Module: Maven Central

The fs2-data-json module provides tools to parse, query and transform JSON data in a streaming manner.

JSON parsing

To create a stream of JSON tokens from an input stream, use the tokens pipe in fs2.data.json package. This pipe accepts a stream of characters and returns a stream of JSON tokens. This produces a stream of structurally valid tokens forming the JSON documents.

import cats.effect._
import cats.syntax.all._

import fs2._
import fs2.data.json._

val input = """{
              |  "field1": 0,
              |  "field2": "test",
              |  "field3": [1, 2, 3]
              |}
              |{
              |  "field1": 2,
              |  "field3": []
              |}""".stripMargin
// input: String = """{
//   "field1": 0,
//   "field2": "test",
//   "field3": [1, 2, 3]
// }
// {
//   "field1": 2,
//   "field3": []
// }"""

val stream = Stream.emit(input).through(tokens[Fallible, String])
// stream: Stream[[A]Fallible[A], Token] = Stream(..)
stream.compile.toList
// res0: Either[Throwable, List[Token]] = Right(
//   value = List(
//     StartObject,
//     Key(value = "field1"),
//     NumberValue(value = "0"),
//     Key(value = "field2"),
//     StringValue(value = "test"),
//     Key(value = "field3"),
//     StartArray,
//     NumberValue(value = "1"),
//     NumberValue(value = "2"),
//     NumberValue(value = "3"),
//     EndArray,
//     EndObject,
//     StartObject,
//     Key(value = "field1"),
//     NumberValue(value = "2"),
//     Key(value = "field3"),
//     StartArray,
//     EndArray,
//     EndObject
//   )
// )

The pipe validates the JSON structure while parsing. It reads all the json values in the input stream and emits tokens as they are available.

AST builder and tokenizer

To handle Json ASTs, you can use the types and pipes available in the fs2.data.json.ast package.

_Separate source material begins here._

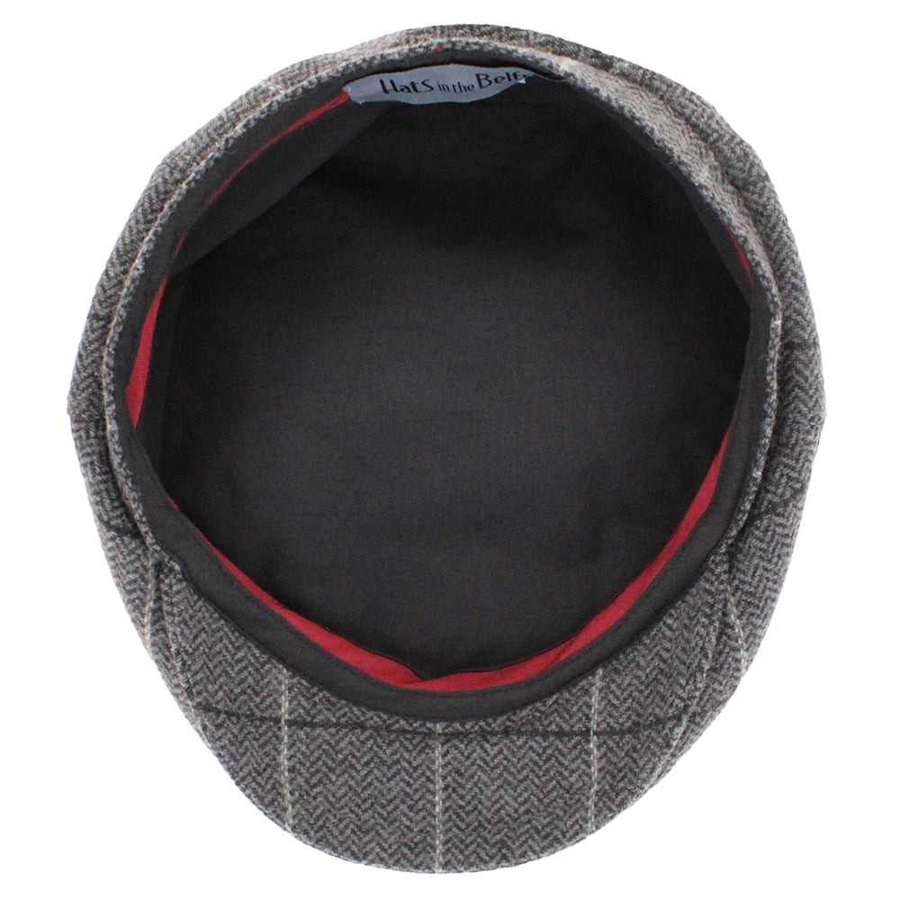 Belfry Jake grey plaid wool flat cap, fully lined interior with ribbon band finish
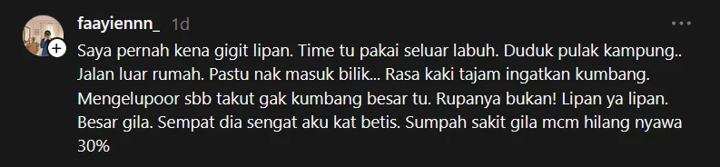 Ada yang pernah disengat lipan sehingga mengalami kesakitan yang digambarkan “tidak tertanggung”, manakala ada juga yang pernah berhadapan situasi cemas apabila haiwan berbisa tersebut tiba-tiba muncul di bahagian badan tanpa diduga.

parsing a stream to values

If you are not interested in tokens, but instead want to parse the input stream into a stream of AST values, you can use the ast.parse pipe, provided you have an implicit Builder in scope. The Builder[Json] typeclass describes how JSON ASTs of type Json are built from events generated by the parser.

import ast._

trait SomeJsonType

implicit val builder: Builder[SomeJsonType] = ???

Stream.emit(input).covary[Fallible].through(parse)

The ast stream emits all top-level JSON values parsed, in our example, the two objects are emitted.

From Tokens to values

JSON ASTs can be built from an existing token stream, provided you have an implicit Builder, using the values pipe.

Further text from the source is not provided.